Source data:
= Beginning of Section =

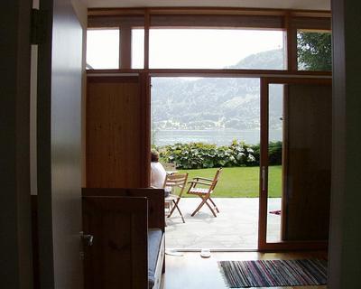 Neben dem Wohnraum sind 2 Schlafräume, ein Badezimmer und Nebenräume im Neubau untergebracht. Der Zwischentrakt beinhaltet eine Küche, und im Altbestand ist ein zusätzliches Esszimmer, Gästezimmer und im OG ein Schlafraum untergebracht. Durch die beiden Baukörper wird südseitig eine windgeschützte Terrasse möglich, welche in direkter Verbindung zum See steht.
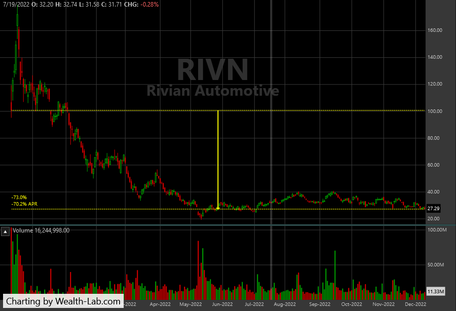 RIVN $16-and-change per share now. That's something like a 40% drop in about 1 month since it was added to the Nasdaq 100 and about 85% down from its November 2021 IPO. Who got paid to put this junk in the Nasdaq 100 to try to save it? Should be a crime.
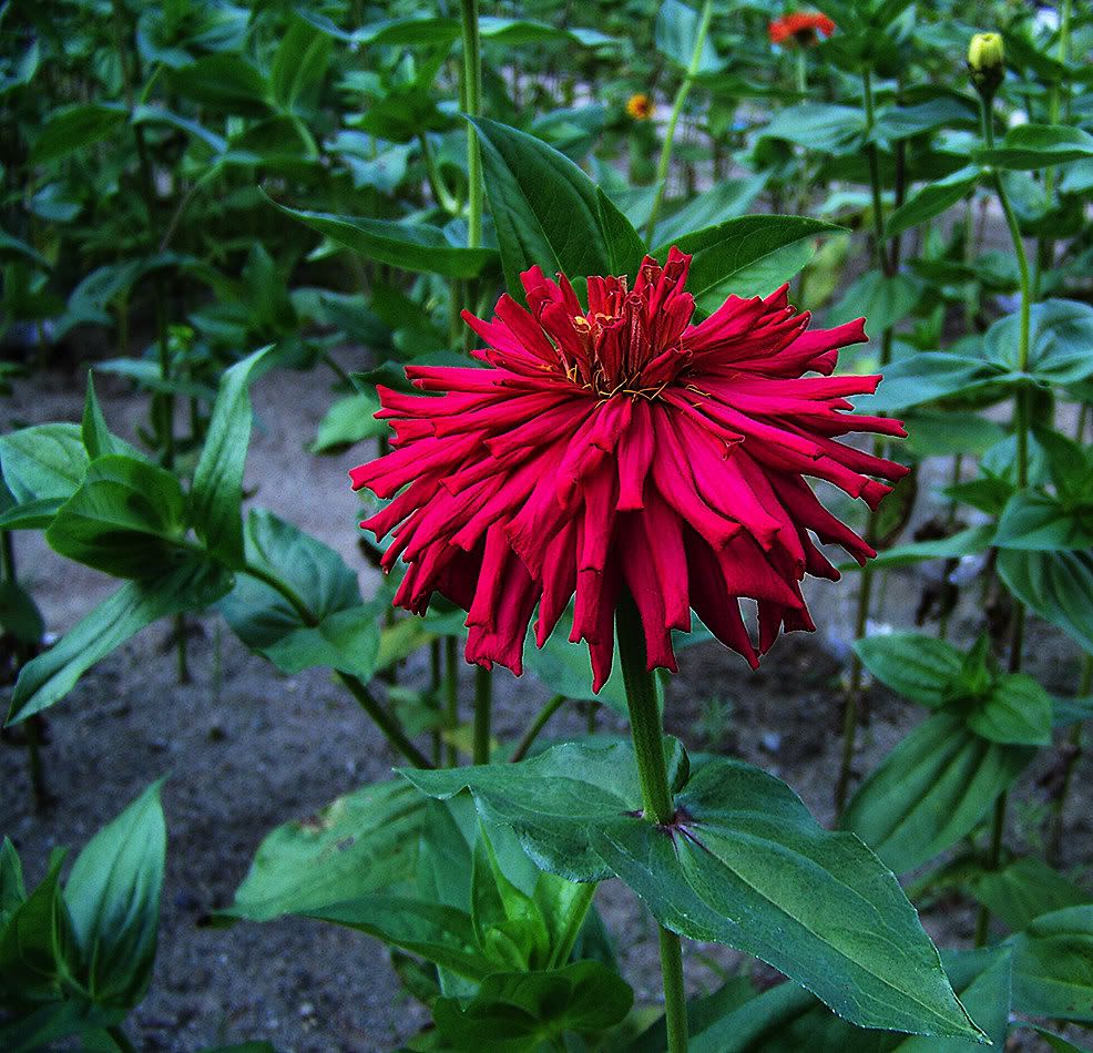| JG, "I think the funny thing among us zinnia people is that-- some of our family or friends may think that would be the perfect specimen to display indoors singly in a vase, but no! our flowers stay in the garden for crossing or/and seed collection." Exactly. My family sort of understands that now, but it does take some getting used to. Here is another specimen in my bed of Burpee Hybrids.
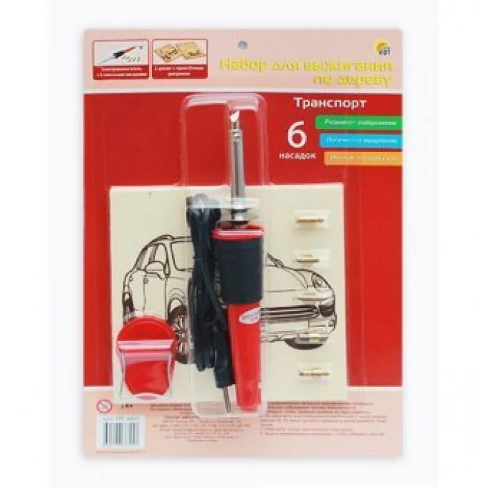 Познакомьте Вашего ребёнка с техникой выжигания по дереву! Данная серия содержит все необходимое для новичка, просто выберете набор по вкусу и немного помогите маленькому художнику создать свой шедевр. Несмотря на доступность и простоту, занятие этим древнейшим искусством поможет раскрыть творческий потенциал, а также развить воображение и художественные навыки. Процесс выжигания довольно прост - накалите электровыжигатель до необходимой температуры и медленно ведите по контуру рисунка, используя для удобства различные насадки, входящие в состав набора.
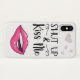 Ce boîtier téléphonique branché kiss me présente un dessin d'une paire de lèvres de dessin animé magenta et la légende Shut up & Kiss Me dans une police moderne noire sur un arrière - plan blanc aux coeurs gris.
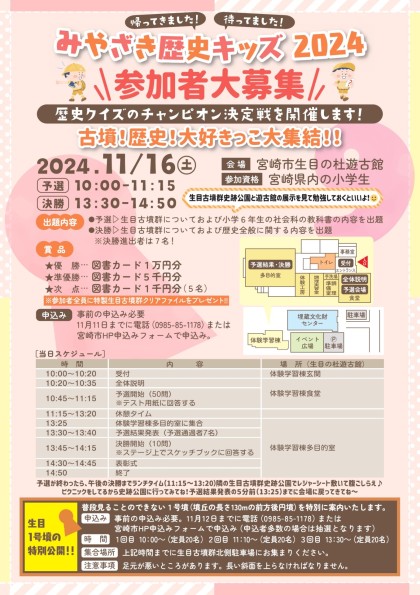 豪華賞品が用意されている歴史クイズのチャンピオン決定戦「みやざき歴史キッズ2024」
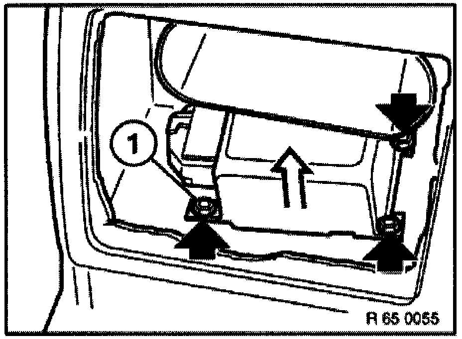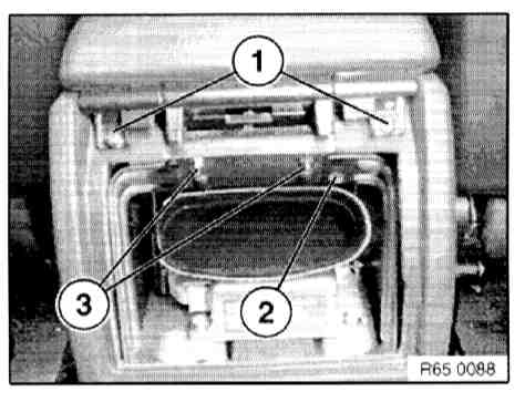 - Unfasten screws (1 and 3), with eject box only unfasten screws (1) and, if necessary, remove center armrest with complete eject box.
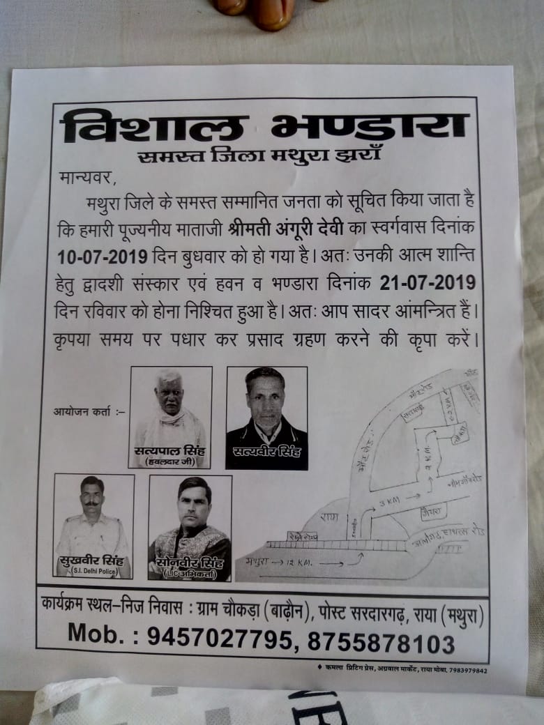 मांट।मृत्यु भोज को लेकर आज भी देहात में सोच नहीं बदली है,लोग अपने बुजुर्गों की याद में लाखों रुपया खर्च करके तेरहवीं कार्यक्रम आयोजित करते हैं।
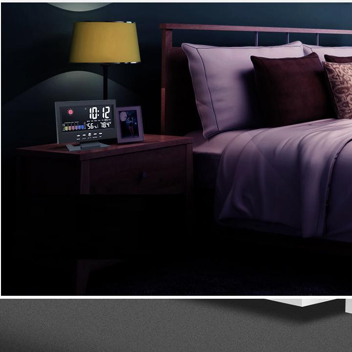 MÔ TẢ SẢN PHẨM:Đồng hồ báo thức LCD đa chức năng với màn hình hiển thị thời gian / ngày / tuần / nhiệt độ / độ ẩm / thời tiết, hoàn toàn phù hợp cho sử dụng tại nhà và văn phòng. Và đồng hồ có đèn nền trên màn hình, bạn có thể dễ dàng đọc giá trị vào ban đêm.
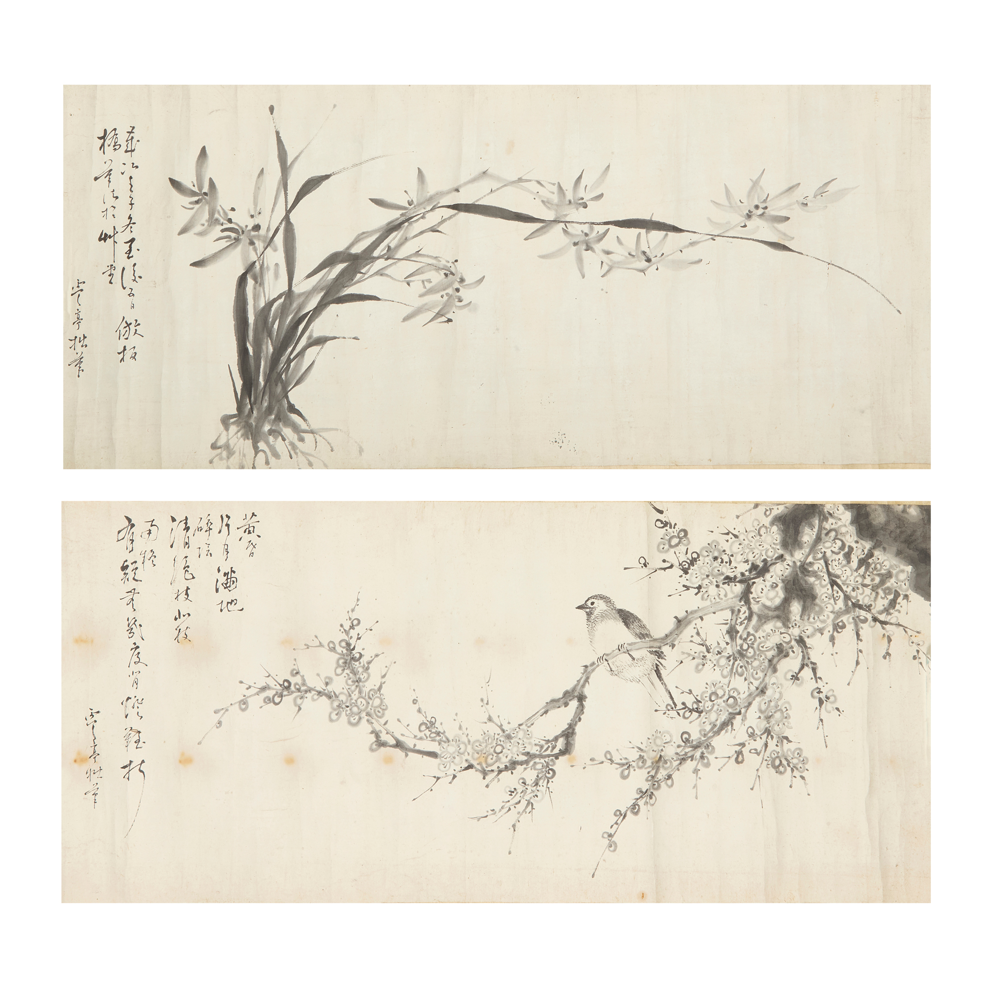 TWO CHINESE INK PAINTINGS OF BIRD ON BRANCH OF PLUM BLOSSOM AND ORCHIDS
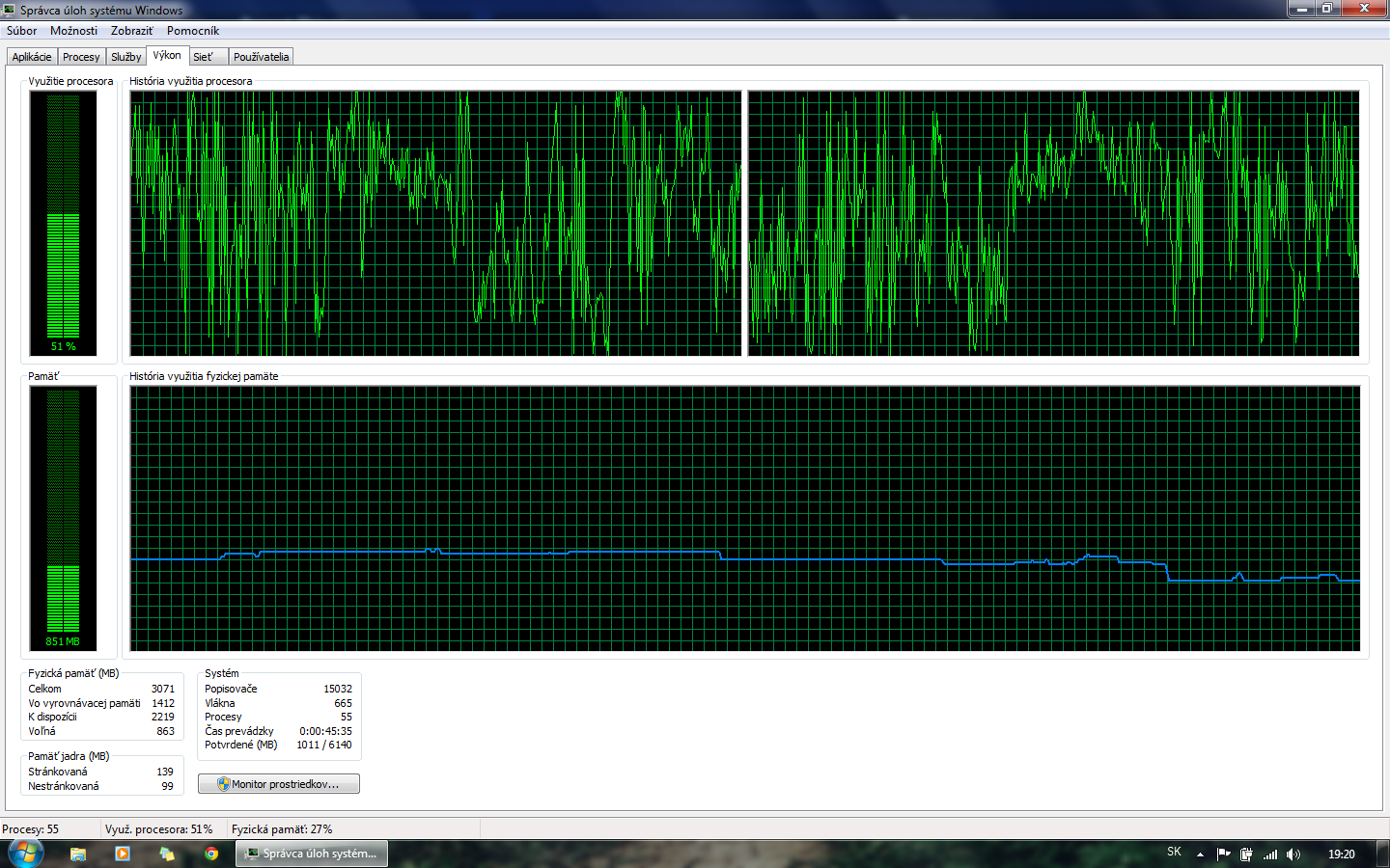 Takto vyzerajú procesy ked nieje nič zapnuté. A keď zapnem hocijaký program je to plných 100%, ale veľkosť procesu programu je taká istá ako inokedy, niečo mi zamestnáva CPU, ale nie je to vidno, dakujem za pomoc
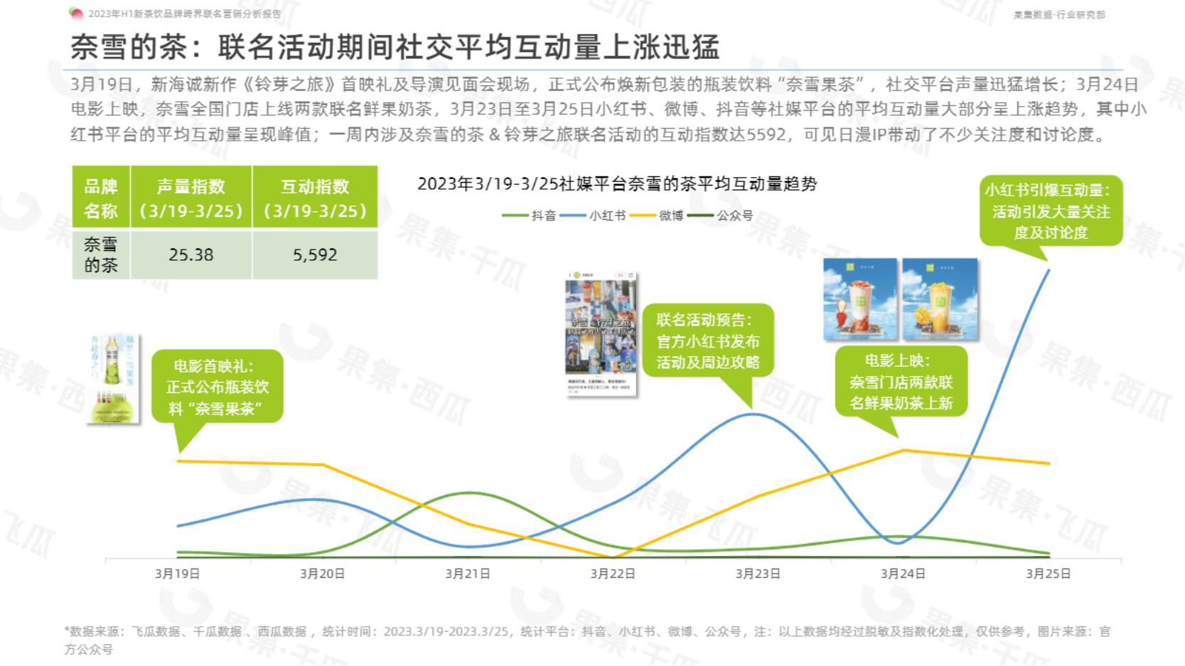数据报告来源:果集行研《2023H1新式茶饮品牌跨界联名营销分析》
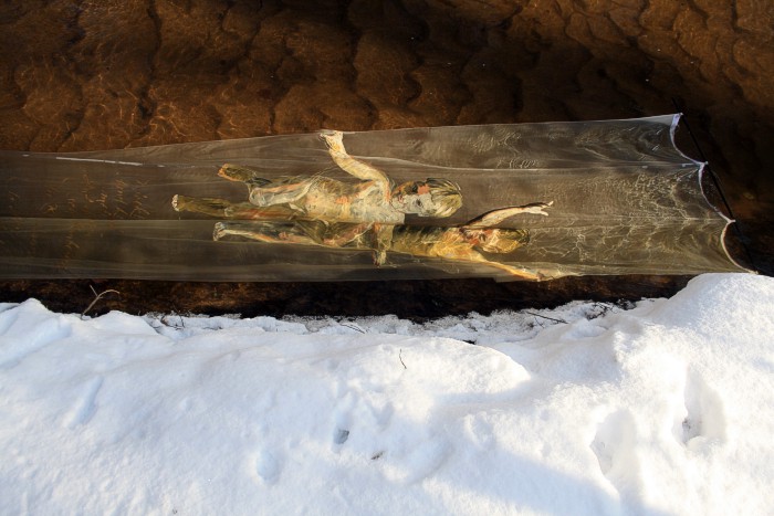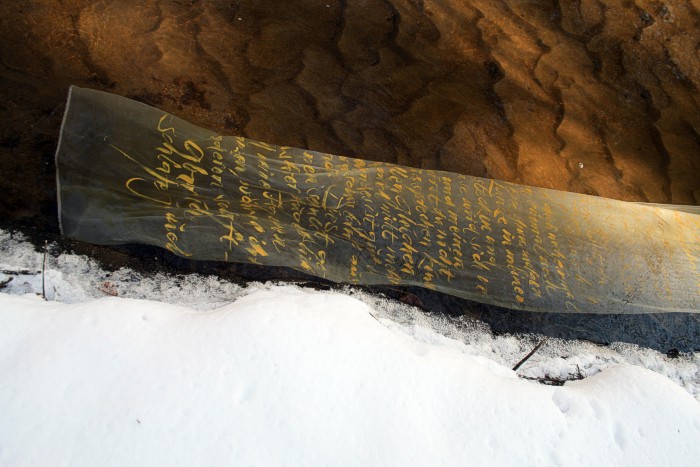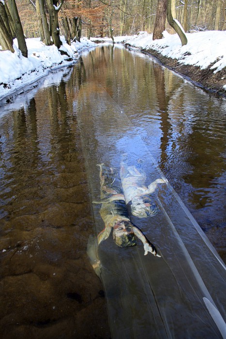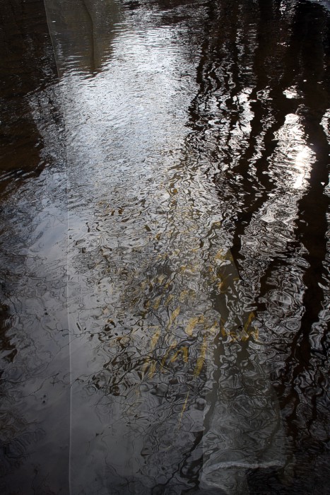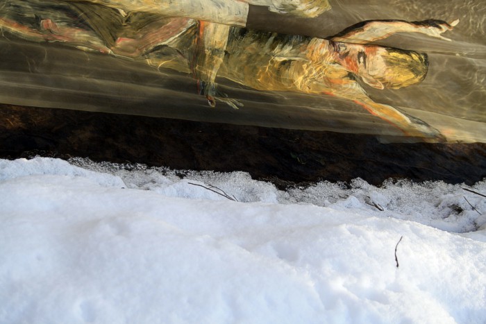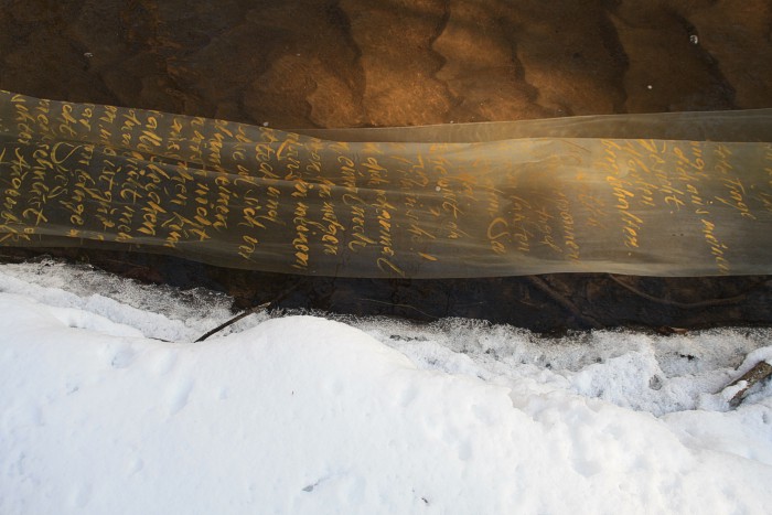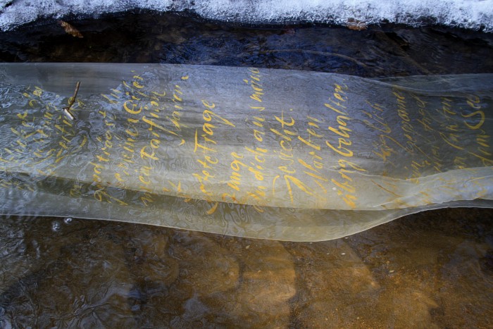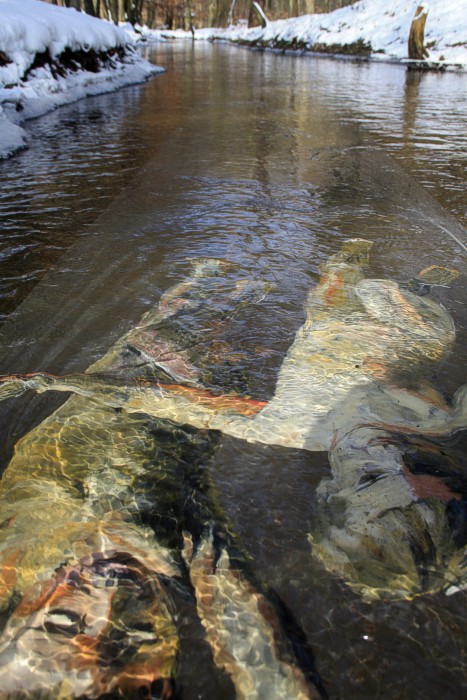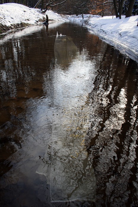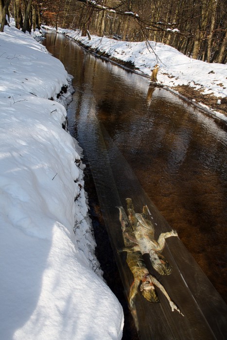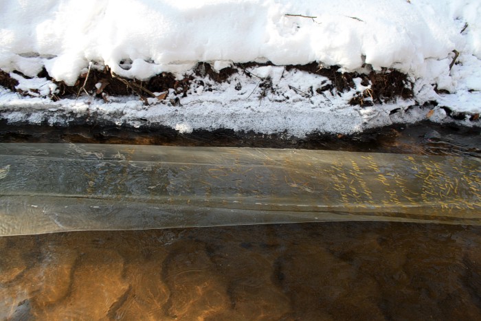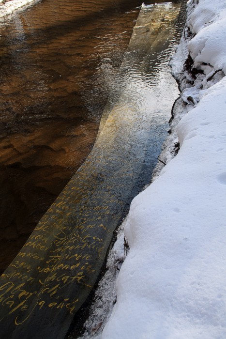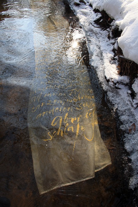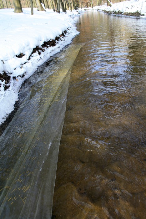 15. 3. 2013, 11 Uhr, Bach mitten im Wald nach spätem Schneefall im Frühjahr. Sonne, Halbschatten, um 0 Grad

= End of Section =

# Exercise directions:
What should appear is an exact copy of the lines from the one containing "Takto vyzerajú procesy" through the last line of the records above, pictures excluded.

# Task answer:
 Takto vyzerajú procesy ked nieje nič zapnuté. A keď zapnem hocijaký program je to plných 100%, ale veľkosť procesu programu je taká istá ako inokedy, niečo mi zamestnáva CPU, ale nie je to vidno, dakujem za pomoc
数据报告来源:果集行研《2023H1新式茶饮品牌跨界联名营销分析》
 15. 3. 2013, 11 Uhr, Bach mitten im Wald nach spätem Schneefall im Frühjahr. Sonne, Halbschatten, um 0 Grad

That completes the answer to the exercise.